Tilting the bowl a little while mixing will help extra steam escape and aid in producing a glossy smooth mixture.
Yes, you will have about 1 cup of leftover pumpkin mixture that can be used to make a parfait or chill it in a small bowl, top with whipped cream, and any graham cracker crumbs, and enjoy it as a bonus dessert.
To make the prettiest slices, you’ll need a large kitchen knife, a tall cup of hot water, and a kitchen towel. Using the foil, lift the dessert out of the pan. Heat the knife by placing it in the hot water, wipe it dry, and slice. Wipe the blade clean, and reheat it after each cut.
Pumpkin cheesecake bars can be made up to 24 hours in advance and should be stored and covered in the fridge, until ready to serve. Wait to add Whipped Cream before serving.
Store leftover bars, covered, in the refrigerator for up to 4 days.
For longer storage, wrap individual bars tightly in plastic wrap, then place in an airtight freezer-safe container. Freeze for up to 2 months. Thaw overnight in the refrigerator before serving.
This isn’t a terrible recipe, but there may be some extra steps that might not be necessary.
The BIGGEST thing is knowing the amount for the pumpkin part is too much (I don’t know why the amounts aren’t adjusted) but it doesn’t point that out until the very end of the recipe. So if you end up using all of it, like I did, it comes out soupy. However that could’ve been b/c I messed up the gelatin part and tried to substitute with corn starch.

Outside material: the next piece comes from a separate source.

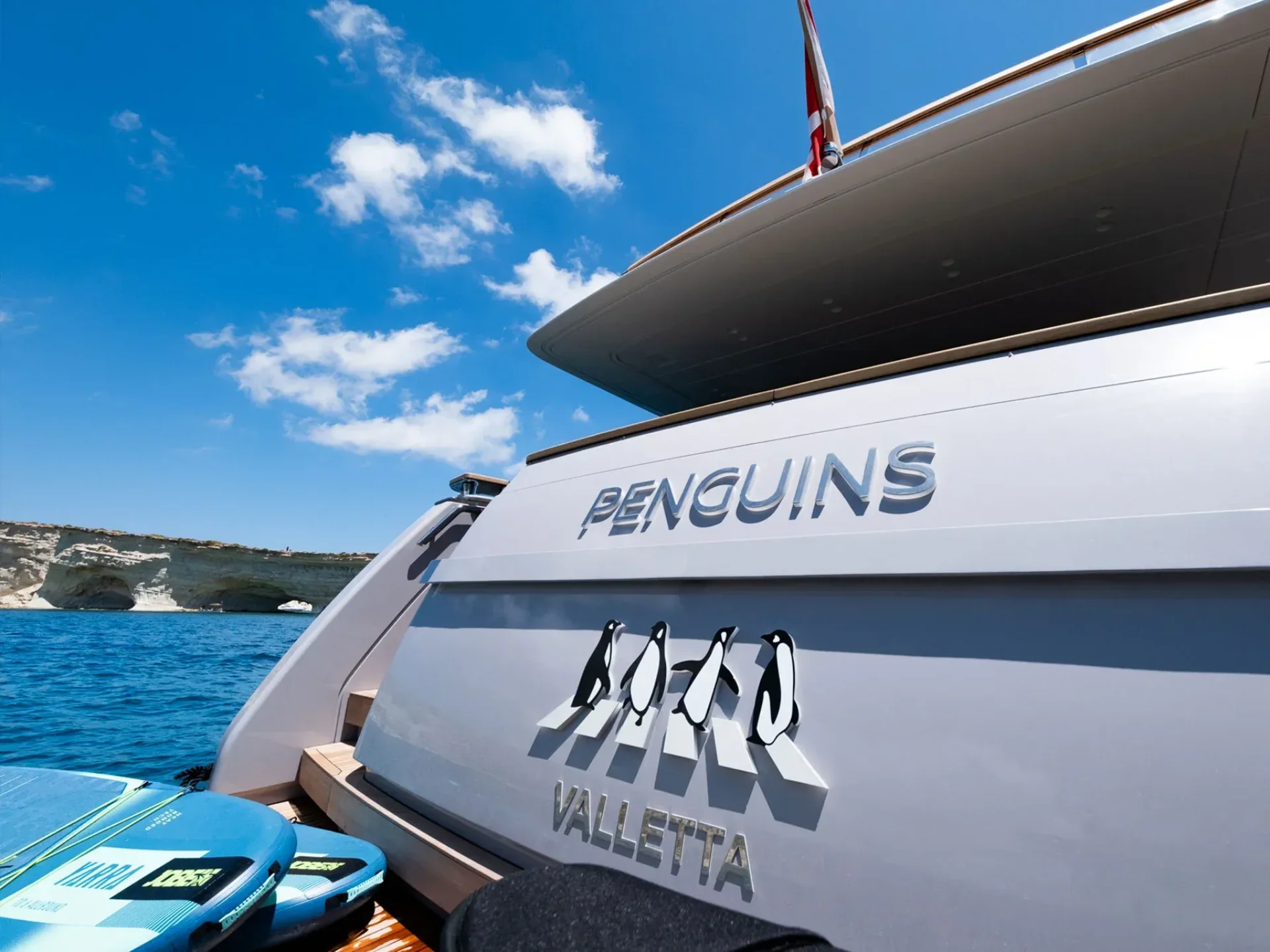 For those seeking a more dynamic experience, Sanlorenzo SD90 Penguins is equipped with a selection of water toys and leisure equipment, complemented by a powerful chase tender, making each day at sea both engaging and memorable.

I think it may be possible to avoid the egg white part altogether. It doesn’t explain what the point of it is or what it is you’re even making (if you’re a newbie like me) to Google if you’re doing it wrong.
I’ve actually made this recipe several times, always following the directions to a T. It is always a hit with my cheesecake snob family lol. I may have commented before, but I want to reiterate how much I love this recipe. Thank you.
I thought this recipe would be a blast because the pictures looked great and the recipe sounded simple enough. Well I was wrong. Even though I followed everything exactly, the top layer was soupy and tasted no better than a can of pumpkin purée. The cheesecake was the only good part about this recipe(can’t go wrong with that). Save your money and your time. AVOID this awkward recipe. Just make a batch of cheesecake, divide it in half, and add pumpkin to one half. Then bake each layer separately. There are many recipes for good pumpkin cheesecake bars, just not this one.
Sorry to hear that you didn’t enjoy the recipe. Thanks for the feedback and for giving it a try.
I thought this would be a great recipe because who can go wrong with cheesecake and pumpkin!! Well, EVIDENTIALLY THIS RECIPE!!
SKIP IT!! I CAN’T SAY THAT ENOUGH!! I was about ready to throw in the towel and I still think my Thanksgiving dessert will be a flop!! THANKS TO THIS RECIPE!! I somehow don’t believe this is the right recipe for the picture… I WOULD LIKE THE SIMPLE VERSION TO CUT CORNERS!! LIKE — CUT A WHOLE HALLWAY!! SERIOUSLY– GO TO NEXT RECIPE1
I’m sorry to hear that you didn’t enjoy the recipe.
somewhere this didn’t get followed. I’ve made this several times and it always holds.
Pumpkin mixture was like soup… needed more gelatin! Like 6 times more… egg whites were stiff in 2mins w Bamix beater …not 7/8mins… why do we have to steam them?
People liked the taste but presentation was off with all the pumpkin layer sliding all over , impossible to serve neatly…
Excellent! The only thing I don’t bother with is the step with the egg whites. I like the richness of the pumpkin layer without yet. After refrigerating (or freezing) overnight. I add a layer of fresh whipped cream with some marscapone in it. Garnish with candied ginger nibs and vanilla cinnamon sugar mix.
Well leave it to me Thanksgiving Eve and I try a new recipe. Hubs is out getting more ingredients for the next try. The cheesecake layer came out great and so did the pumpkin, I think I beat the egg whites too long as well, but they still seemed okay. But the second I added them to the pumpkin mixture that’s where it went south, they “curdled” or separated into a mess. No folding here…. so I’m going to try again and cool the pumpkin mixture some more before folding and see how that goes. This recipe is a challenge that’s for sure, but man it looks delicious!